--- SUPPLIED INFORMATION Enclosed Below ---
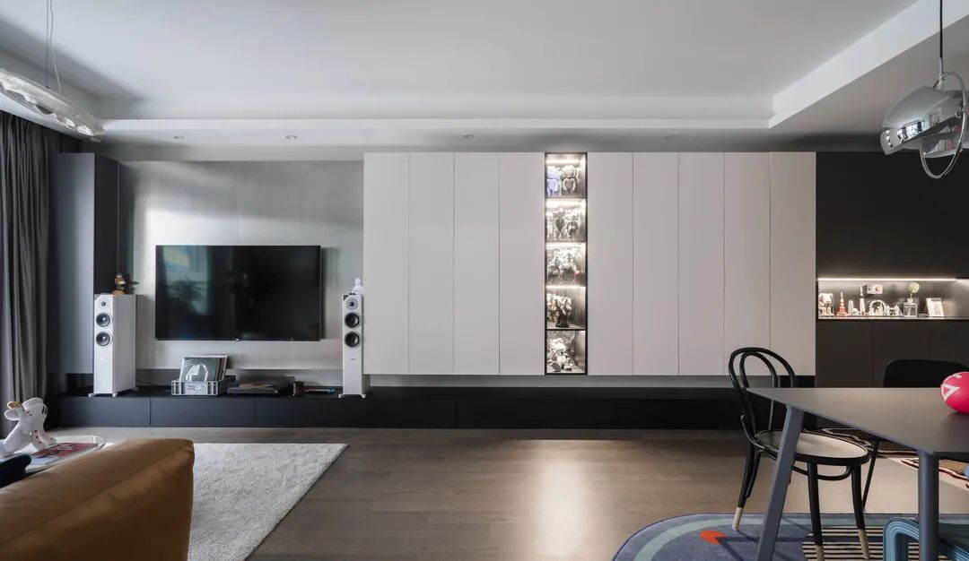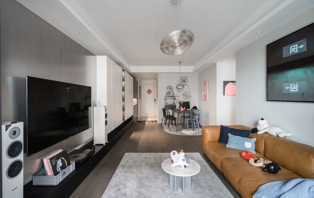 客厅,我们把电视墙做在了一开始开发商做沙发背景的位置,从玄关开始到阳台,做了一整排收纳,不仅好看还特别实用.柜子里面还藏了好多未开封的玩具公仔。
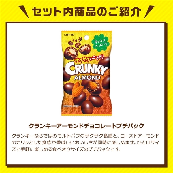 ローストアーモンド(国内製造)、砂糖、全粉乳、カカオマス、モルトパフ(小麦粉、でん粉、モルトエキス、食塩)、植物油脂、ココアバター、乳糖、水あめ、食塩/乳化剤(大豆由来)、光沢剤、増粘剤(アラビアガム)、香料、膨脹剤、カラメル色素
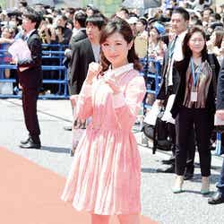 また、映画『任侠野郎』(公開未定)に出演するトリンドル玲奈はオーガンジーのホワイトドレスに身を包み登場。微笑みながら歩くトリンドルに、「可愛い~!」「トリちゃん!」と熱い声援が飛び交った。
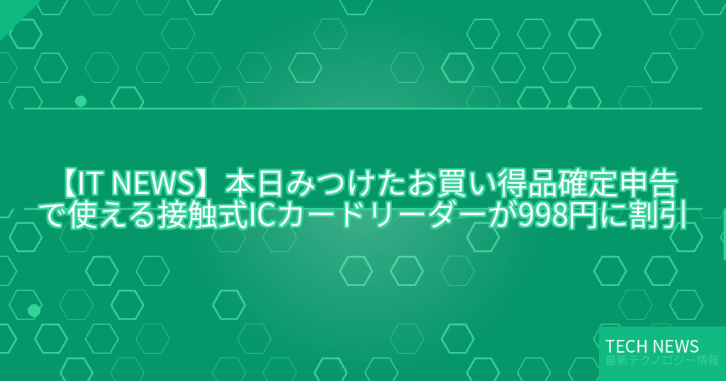 【IT NEWS】本日みつけたお買い得品確定申告で使える接触式ICカードリーダーが998円に割引
--- End of Enclosed SUPPLIED INFORMATION ---
**WHAT IS BEING ASKED:**
Please copy the data shown above precisely, leaving the images out.

**SOLUTION TO THIS TASK:**
 客厅,我们把电视墙做在了一开始开发商做沙发背景的位置,从玄关开始到阳台,做了一整排收纳,不仅好看还特别实用.柜子里面还藏了好多未开封的玩具公仔。
 ローストアーモンド(国内製造)、砂糖、全粉乳、カカオマス、モルトパフ(小麦粉、でん粉、モルトエキス、食塩)、植物油脂、ココアバター、乳糖、水あめ、食塩/乳化剤(大豆由来)、光沢剤、増粘剤(アラビアガム)、香料、膨脹剤、カラメル色素
 また、映画『任侠野郎』(公開未定)に出演するトリンドル玲奈はオーガンジーのホワイトドレスに身を包み登場。微笑みながら歩くトリンドルに、「可愛い~!」「トリちゃん!」と熱い声援が飛び交った。
 【IT NEWS】本日みつけたお買い得品確定申告で使える接触式ICカードリーダーが998円に割引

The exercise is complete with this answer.